▸ **Exercise**
In the listing below, find the line containing "Голосование на выборах" and the line containing "However, on arrival", then copy exactly everything from the first through the second, except the pictures.

▸ **Record set**
#####
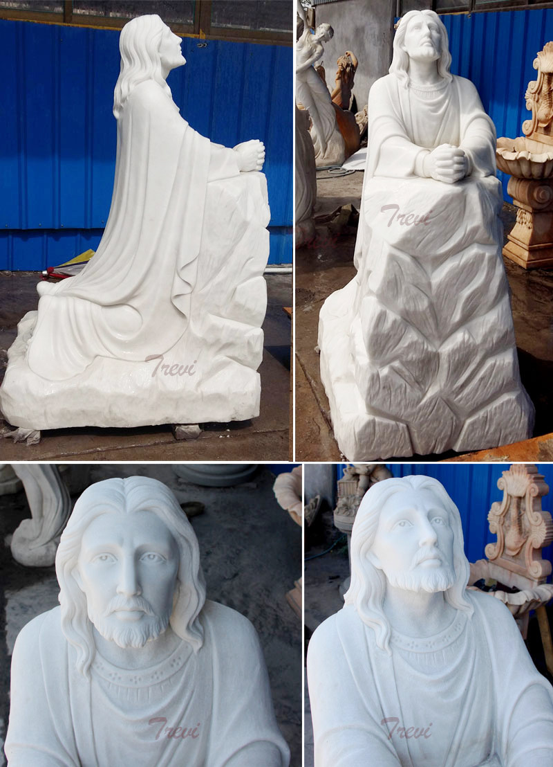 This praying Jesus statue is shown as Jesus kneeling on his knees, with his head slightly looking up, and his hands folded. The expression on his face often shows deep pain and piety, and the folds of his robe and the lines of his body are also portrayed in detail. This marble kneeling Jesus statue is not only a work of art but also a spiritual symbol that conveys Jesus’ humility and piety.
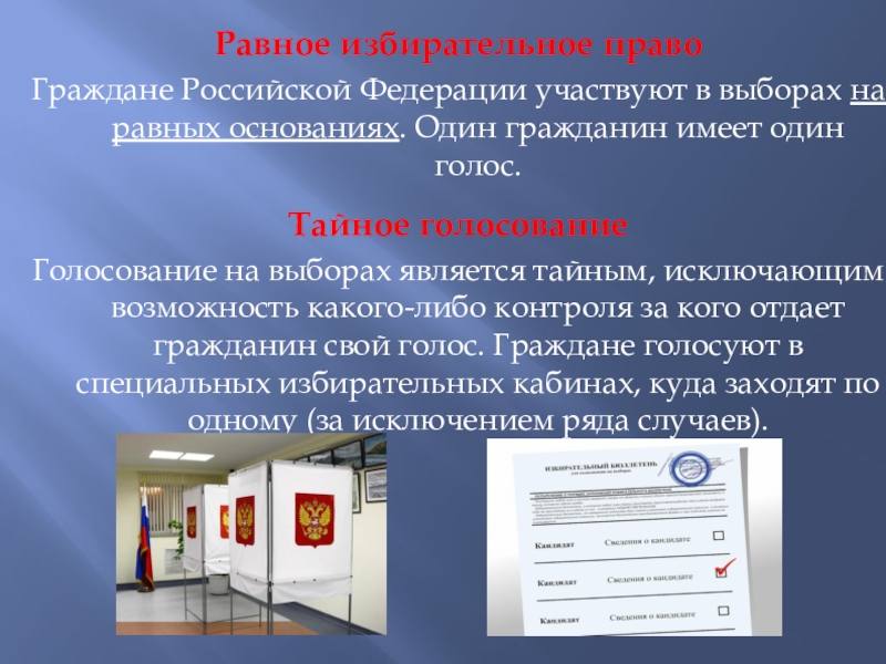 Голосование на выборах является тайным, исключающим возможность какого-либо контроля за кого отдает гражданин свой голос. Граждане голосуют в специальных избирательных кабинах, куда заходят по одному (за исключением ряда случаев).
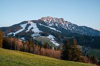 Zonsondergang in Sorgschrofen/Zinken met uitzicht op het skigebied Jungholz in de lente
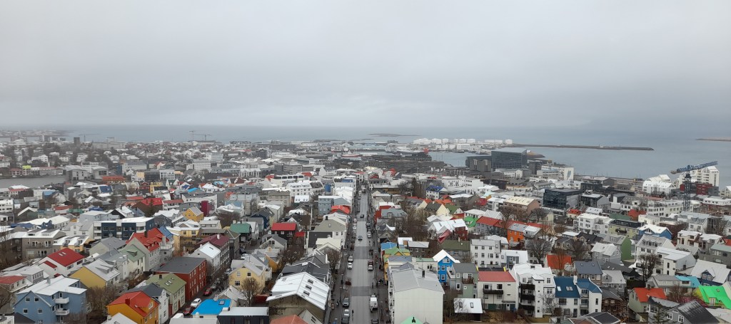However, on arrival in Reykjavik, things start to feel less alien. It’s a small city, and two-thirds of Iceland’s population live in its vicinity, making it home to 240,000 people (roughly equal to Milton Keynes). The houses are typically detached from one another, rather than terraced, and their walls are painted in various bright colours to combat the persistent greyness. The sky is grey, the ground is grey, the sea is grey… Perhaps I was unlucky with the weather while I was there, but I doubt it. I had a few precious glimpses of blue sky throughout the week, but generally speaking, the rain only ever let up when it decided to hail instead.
#####
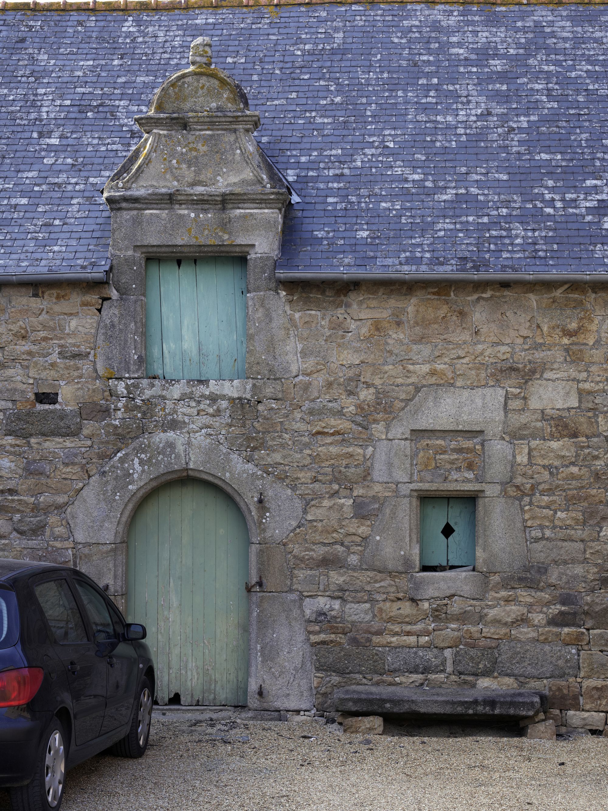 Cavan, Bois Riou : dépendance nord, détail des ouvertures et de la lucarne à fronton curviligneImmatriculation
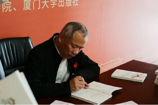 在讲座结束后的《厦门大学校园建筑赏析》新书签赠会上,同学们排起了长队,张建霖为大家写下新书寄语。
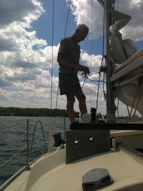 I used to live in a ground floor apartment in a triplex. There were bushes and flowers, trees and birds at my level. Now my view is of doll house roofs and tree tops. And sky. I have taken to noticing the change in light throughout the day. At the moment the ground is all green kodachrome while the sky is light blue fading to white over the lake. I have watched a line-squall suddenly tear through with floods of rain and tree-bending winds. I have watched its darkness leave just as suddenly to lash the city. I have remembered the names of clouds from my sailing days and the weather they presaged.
#####
▸ **Exercise result**
 Голосование на выборах является тайным, исключающим возможность какого-либо контроля за кого отдает гражданин свой голос. Граждане голосуют в специальных избирательных кабинах, куда заходят по одному (за исключением ряда случаев).
 Zonsondergang in Sorgschrofen/Zinken met uitzicht op het skigebied Jungholz in de lente
However, on arrival in Reykjavik, things start to feel less alien. It’s a small city, and two-thirds of Iceland’s population live in its vicinity, making it home to 240,000 people (roughly equal to Milton Keynes). The houses are typically detached from one another, rather than terraced, and their walls are painted in various bright colours to combat the persistent greyness. The sky is grey, the ground is grey, the sea is grey… Perhaps I was unlucky with the weather while I was there, but I doubt it. I had a few precious glimpses of blue sky throughout the week, but generally speaking, the rain only ever let up when it decided to hail instead.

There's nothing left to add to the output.